That device doesn't have to be the controlling terminal of the process (or any process for that matters).

You can do cat /dev/pts/x provided you have read permission to that device file, and that would read what's being typed on the terminal (if any) at the other end.

Actually, if it is the controlling terminal of the process and the process is not in the foreground process group of the terminal, the process would typically be suspended if it attempted to read from it (and if it was in the foreground process group, it would receive a SIGINT/SIGTSTP/SIGQUIT if you sent a ^C/^Z/^\ regardless of whether the process is reading from the terminal device or not). Those things would not happen if the terminal device was not the controlling terminal of the process (if the process was part of a different session). That's what controlling terminal is about. That is intended for the job control mechanism as implemented by interactive shells. Beside those SIGTTIN/SIGTTOU and SIGINT/SIGTSTP/SIGQUIT signals, the controlling terminal is involved in the delivery of SIGHUP upon terminal hang hup, it's also the tty device that /dev/tty redirects to.

In any case, that's only for terminal input: real as in a terminal device connected over a serial cable, emulated like X11 terminal emulators such as xterm that make use of pseudo-terminal devices, or emulated by the kernel like the virtual terminals on Linux that interact with processes with /dev/tty<x> (and support more than the standard terminal interface).

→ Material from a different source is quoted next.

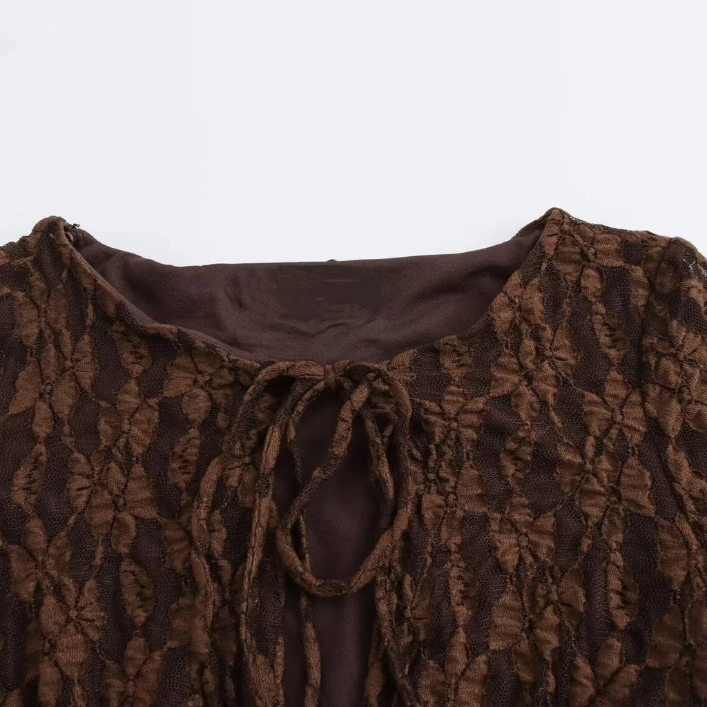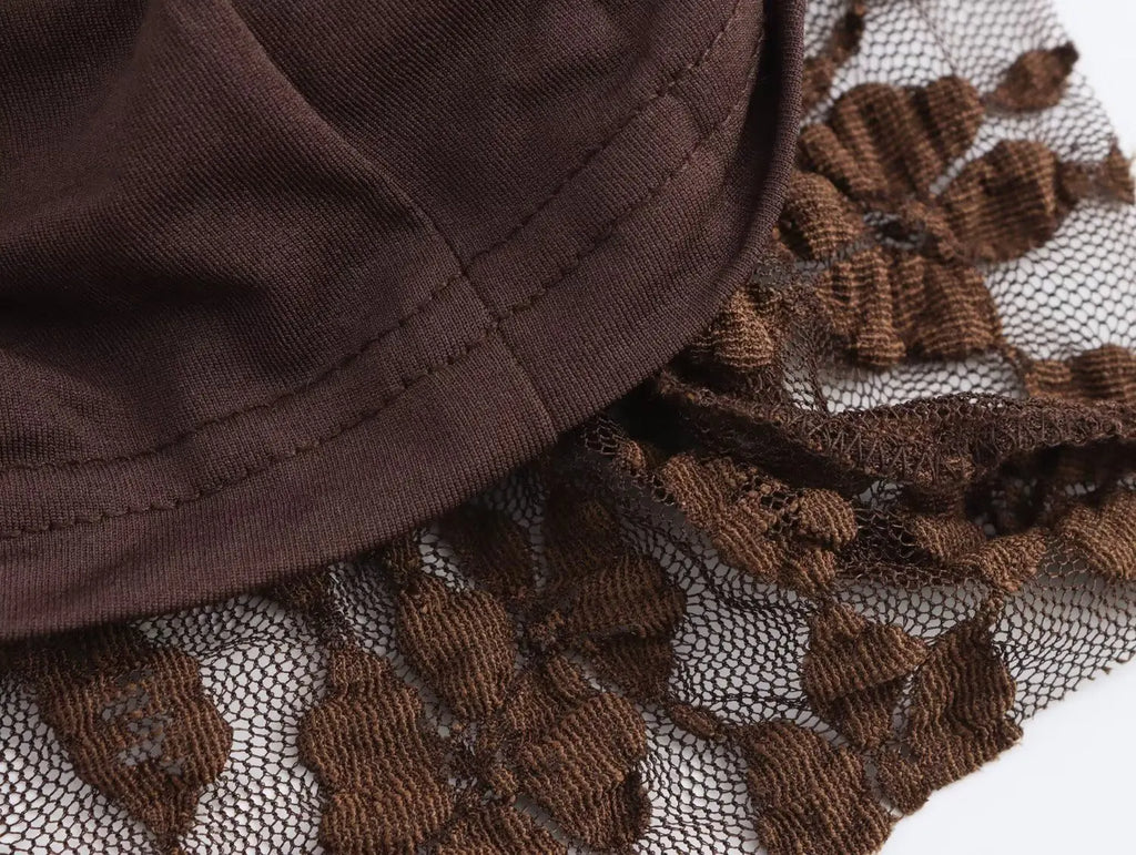 Velvet Patchwork Mesh Long Dress For Women Round Neck Long Sleeve Women Dress Brown Vintage Spring Autumn Tight Dresses New
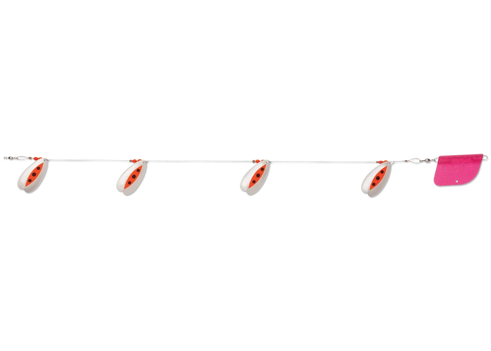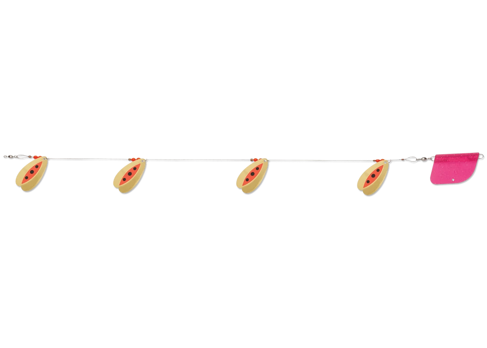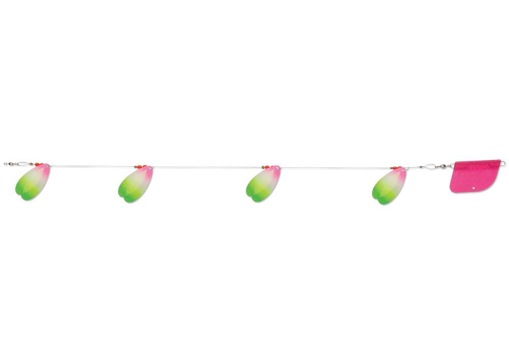The Luhr-Jensen Bolo Flex-i-Troll is a lake trolling rig featuring Luhr-Jensen’s unique Bolo blade design. With shape that essentially looks like two overlapping French blades, the Bolo design spins in wide circles, offering brilliant flash and vibration, even at slower trolling speeds. Multiple sizes allow the Bolo Troll to suit waters from smaller ponds to large reservoirs. A built-in trolling rudder eliminates spin and annoying line twisting.

Applications like the X server typically get keyboard input from the keyboard drivers. On Linux using common input abstraction layers. The X server, in turn provides an event mechanism to communicate keyboard events to applications connecting to it. For instance, xterm would receive X11 keyboard events which it translates to writing characters to the master side of a pseudo-terminal device, which translates to processes running "inside" xterm reading the corresponding characters when they read from the corresponding pseudo-terminal slave device (/dev/pts/x).

Now, there's no such thing as a terminal application. What we call terminal application above are applications that are typically used in a terminal, that are expected to be displayed in a terminal and take input from a terminal like vi, and interactive shell or less. But any application can be controlled by a terminal, and any application that reads or writes files or their stdin/stdout/stderr can be made to perform I/O to a terminal device.

For instance, if you run firefox, an application that connects to the X server for user I/O, from within a shell running in an xterm, firefox will inherit the controlling terminal from its shell parent. ^C in the terminal would kill it if it was started in foreground by the shell. It will also have its file descriptors 0, 1 and 2 (stdin, stdout and stderr) open on that /dev/pts/<x> file (again as inherited from its shell parent). And firefox may very well end up writing on the fd 2 (stderr) for some kind of errors (and if it was put in background and the terminal device was configured with stty tostop, it would then receive a SIGTTOU and be suspended).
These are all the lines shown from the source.